Promulgated the other day, the Punjab Private Educational Institutions (Promotion and Regulation) (Amendment) Ordinance, 2015, has been challenged in the court by Adeeb Jawdani, the president of the All-Pakistan Private Schools’ Association (APPSA), on Monday.
The ordinance was introduced to regulate the private educational institutions after the parents of school children and civil society started agitation against the extraordinary hike in fees by private schools.
The ordinance bars the private institutions from charging extra fee during the academic year, 2015-2016, and says that every private institution will collect the same fee it was collecting in 2014 and 2015.
Jawdani said he challenged the ordinance after consulting his legal team and hoped the court would set aside the ordinance.
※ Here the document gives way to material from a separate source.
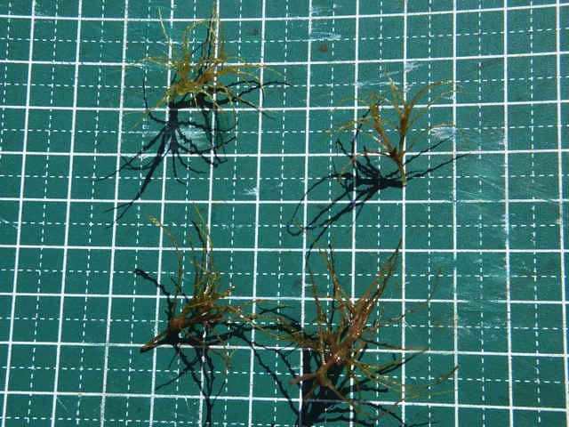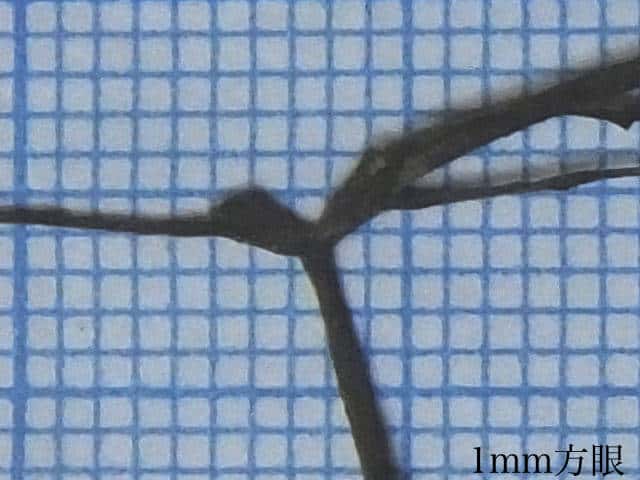 | ▼2015年9月14日 宍道 | ▼葉は長さ約3cm。尖った鋸歯がある。 | ▼葉(乾燥標本) の幅は0.2〜0.3mm。 |
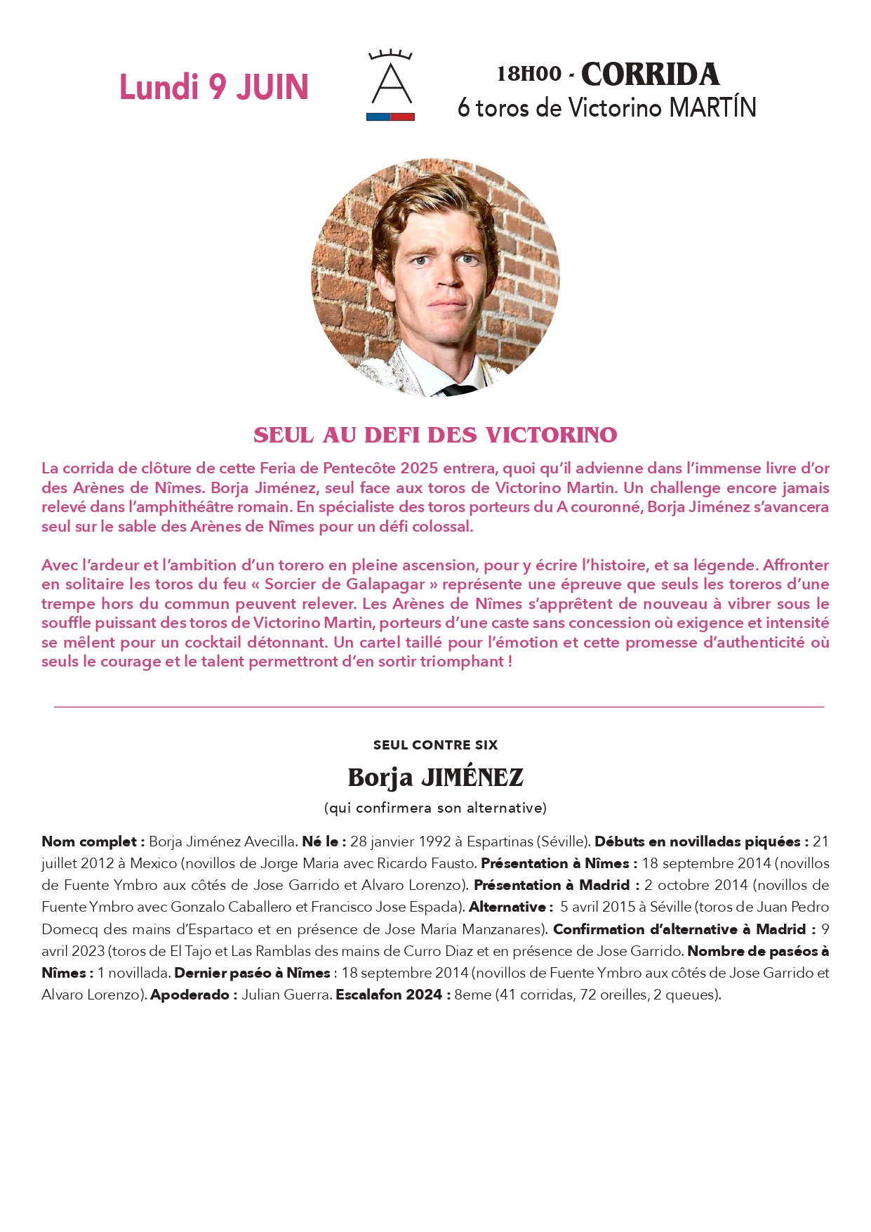Lundi 9 juin à 18h : Toros de Victorino Martin pour Borja Jimenez qui confirmera l’alternative, seul contre six.

“I have learnt from reliable sources that this ordinance is a political gimmick of the incumbent government to gain public sympathy prior to the upcoming local bodies elections,” he maintained.
According to Jawdani, 97 per cent of private schools in Punjab charge fee from Rs 100 to Rs 1,500 and these schools are located in far-flung areas of the province where the state has failed to impart education.
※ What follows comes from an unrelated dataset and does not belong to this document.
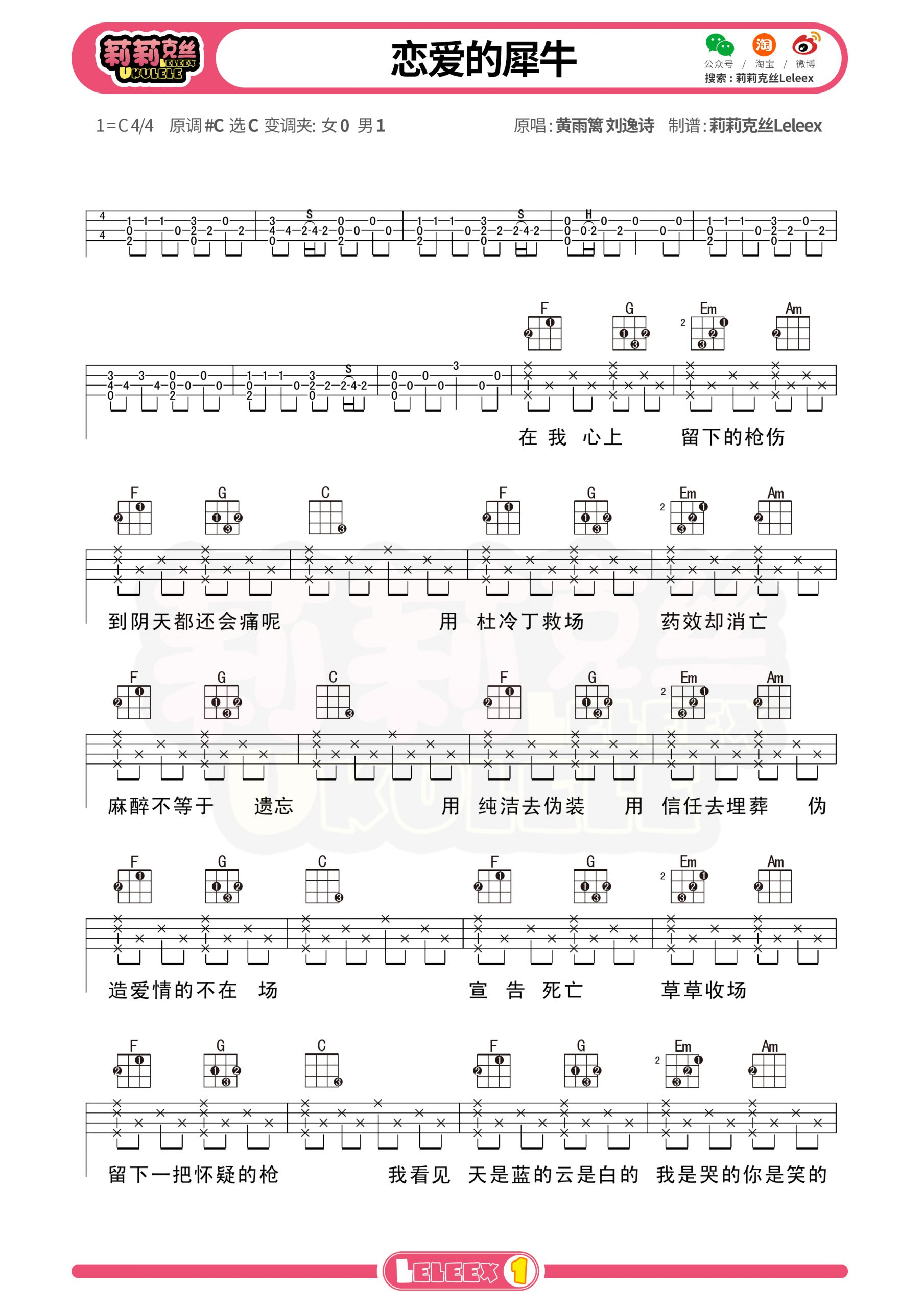 黄雨篱《恋爱的犀牛》尤克里里曲谱-C调弹唱谱...

Jawdani, who charges up to Rs 1,300 per month in his school, told this scribe that 30,000 private schools had been closed by their management in recent years because of the exorbitant taxes levied on private schools.
He was of the view that people willingly send their children to elite schools because of the status symbol, and said that now these parents were demanding a cut in fee.
Jawdani said there were 70,000 registered schools under the banner of APPSA, and these were sharing the burden of the state by imparting quality education.
He said that private schools did not receive any grant from the government, whether as intuitions like the Aitchison College received heavy grants, but still charged a fee that was out of the range of a common man and no one dared to demand a cut in fee there.
“We can take to the streets, but we have decided to take the legal course to get justice,” concluded Jawdani.
SCHOOLS PUT ON NOTICE:
District Officer (DO) Education Lahore Hasnaat Ahmad meanwhile said notices had been issued by the office of the District Coordination Officer (DCO) to 40 schools on complaints registered by parents.
Ahmad said the elite schools were making a hue and cry as no one had dared to tame them in the past.
DCO Lahore Capt (r) Usman told Pakistan Today that stern action would be taken against non-compliance and the government would defend its action in the court.